**MATERIAL TO PROCESS**
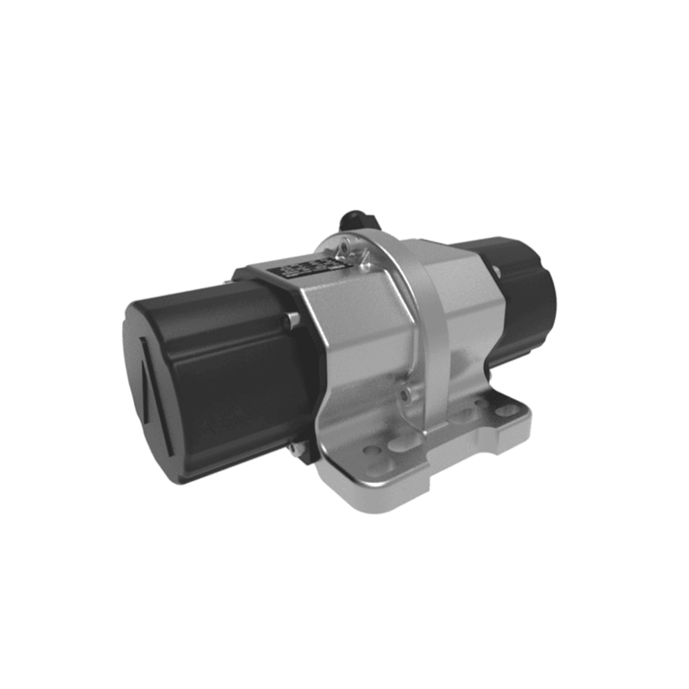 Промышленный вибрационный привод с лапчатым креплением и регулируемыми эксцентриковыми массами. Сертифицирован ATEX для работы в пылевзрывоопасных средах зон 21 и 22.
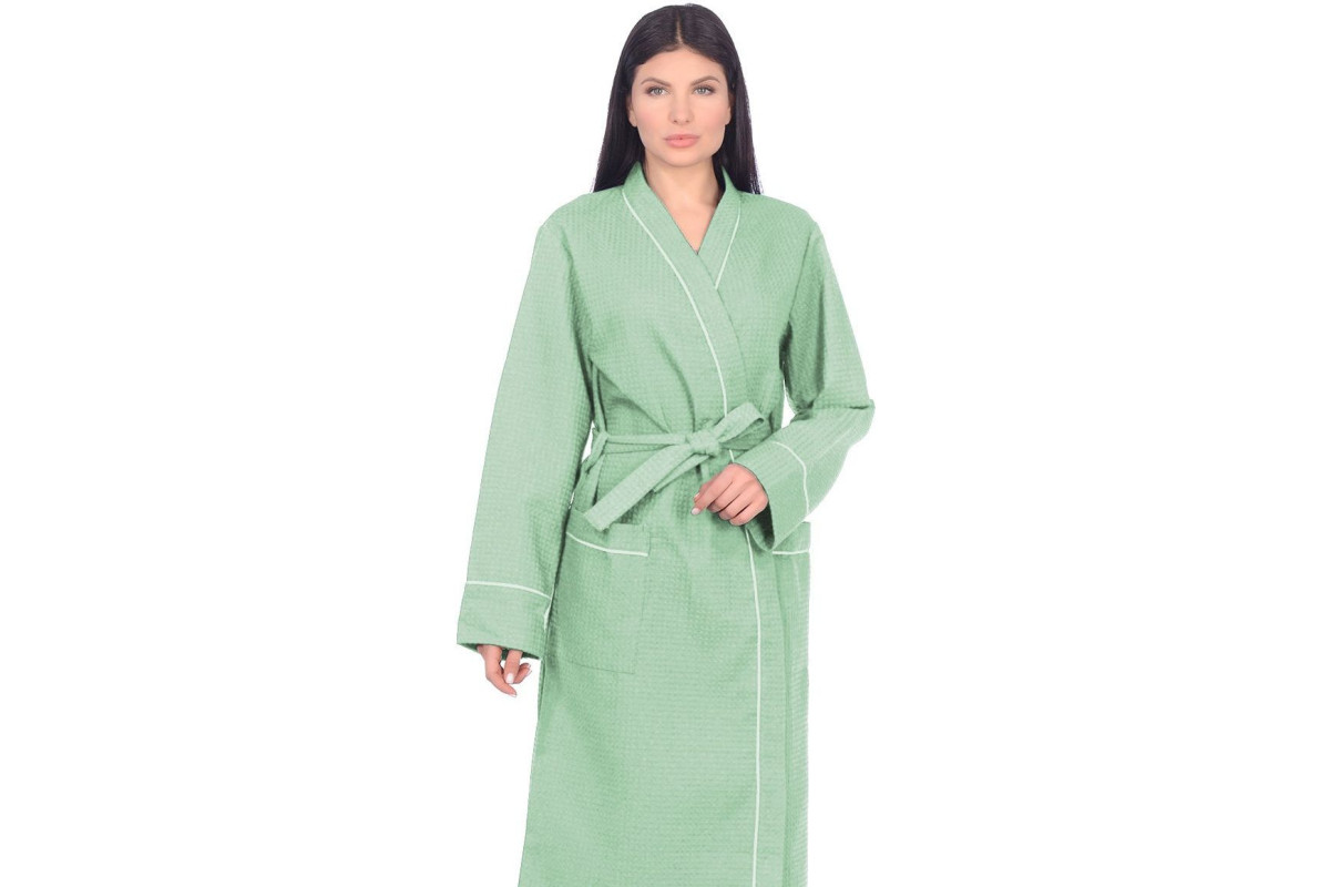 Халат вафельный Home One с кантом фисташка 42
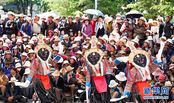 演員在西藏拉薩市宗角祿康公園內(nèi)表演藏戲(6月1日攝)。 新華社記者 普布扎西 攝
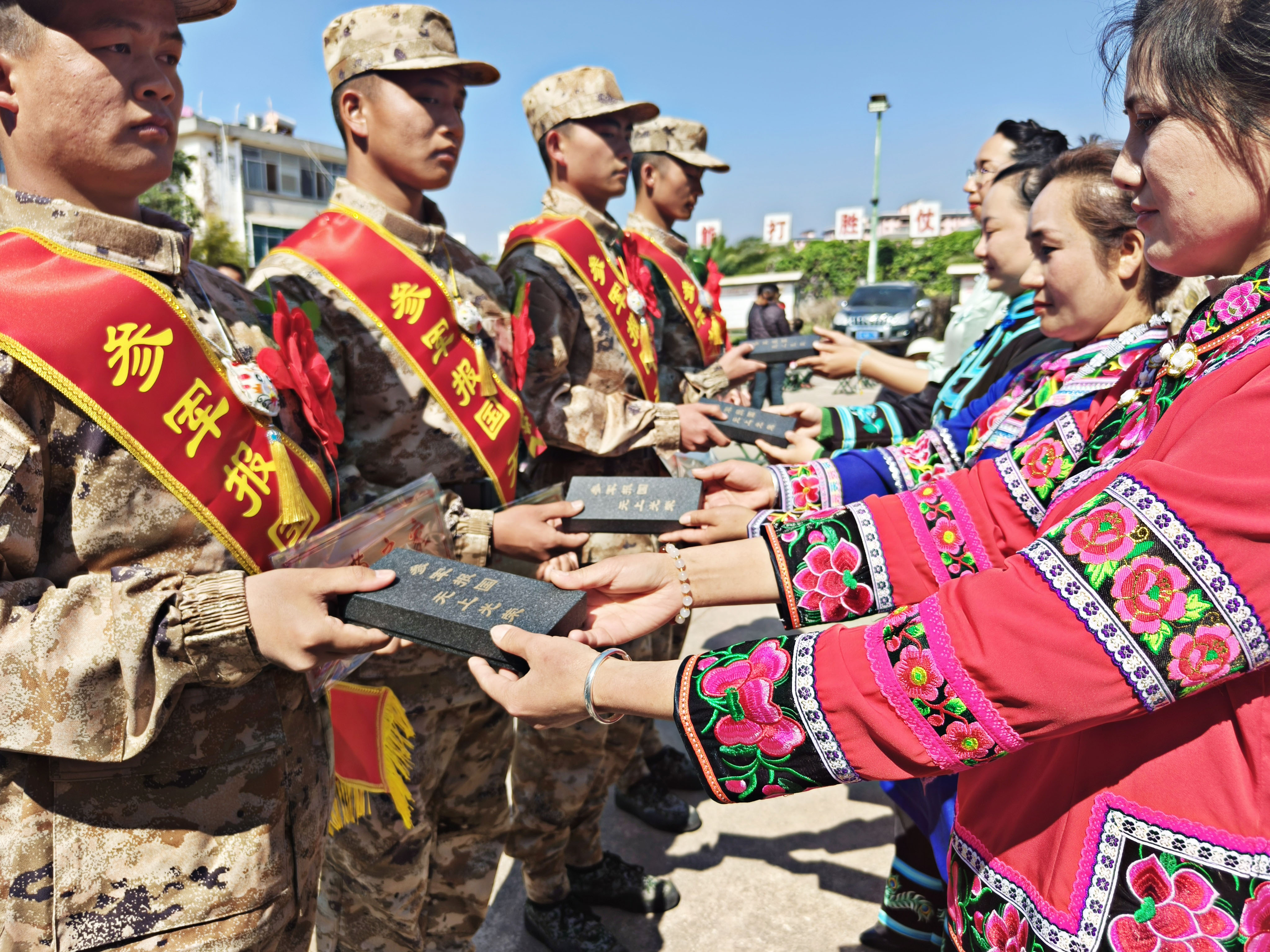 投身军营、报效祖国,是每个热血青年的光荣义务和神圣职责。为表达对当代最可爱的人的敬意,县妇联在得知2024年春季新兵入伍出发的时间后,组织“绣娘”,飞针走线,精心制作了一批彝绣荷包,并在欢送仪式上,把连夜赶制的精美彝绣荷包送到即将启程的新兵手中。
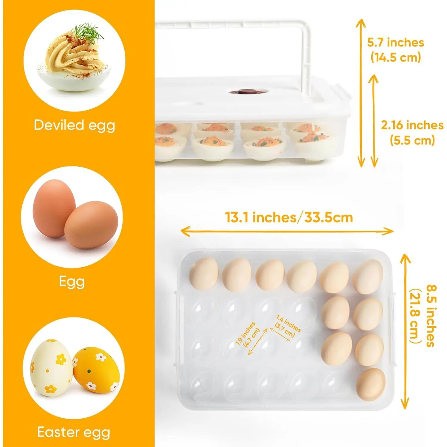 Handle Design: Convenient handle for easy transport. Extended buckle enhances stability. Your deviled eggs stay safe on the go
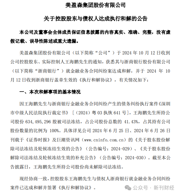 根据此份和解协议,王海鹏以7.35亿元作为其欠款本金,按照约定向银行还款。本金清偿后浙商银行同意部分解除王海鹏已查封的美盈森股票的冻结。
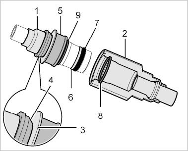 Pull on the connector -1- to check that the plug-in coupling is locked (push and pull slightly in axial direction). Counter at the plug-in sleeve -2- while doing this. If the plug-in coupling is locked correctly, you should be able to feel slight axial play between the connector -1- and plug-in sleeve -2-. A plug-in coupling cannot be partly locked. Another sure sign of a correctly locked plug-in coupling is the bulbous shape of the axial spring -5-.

* * *

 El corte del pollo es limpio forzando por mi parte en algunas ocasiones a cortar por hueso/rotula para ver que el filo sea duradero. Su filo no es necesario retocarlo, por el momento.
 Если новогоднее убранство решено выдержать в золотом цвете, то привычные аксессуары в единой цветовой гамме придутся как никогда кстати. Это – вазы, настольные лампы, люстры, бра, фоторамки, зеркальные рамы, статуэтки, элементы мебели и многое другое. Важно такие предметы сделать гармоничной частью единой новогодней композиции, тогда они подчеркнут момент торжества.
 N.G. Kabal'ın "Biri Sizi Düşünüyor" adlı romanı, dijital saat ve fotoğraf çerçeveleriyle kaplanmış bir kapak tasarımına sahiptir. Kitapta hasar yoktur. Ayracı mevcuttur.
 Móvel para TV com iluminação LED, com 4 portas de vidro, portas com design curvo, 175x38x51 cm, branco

**EXERCISE DESCRIPTION**
Range to copy from the listing above: the line with "Handle Design: Convenient" through the line with "Pull on the". Transcribe it exactly and skip the pictures.

**EXERCISE SOLUTION**
 Handle Design: Convenient handle for easy transport. Extended buckle enhances stability. Your deviled eggs stay safe on the go
 根据此份和解协议,王海鹏以7.35亿元作为其欠款本金,按照约定向银行还款。本金清偿后浙商银行同意部分解除王海鹏已查封的美盈森股票的冻结。
 Pull on the connector -1- to check that the plug-in coupling is locked (push and pull slightly in axial direction). Counter at the plug-in sleeve -2- while doing this. If the plug-in coupling is locked correctly, you should be able to feel slight axial play between the connector -1- and plug-in sleeve -2-. A plug-in coupling cannot be partly locked. Another sure sign of a correctly locked plug-in coupling is the bulbous shape of the axial spring -5-.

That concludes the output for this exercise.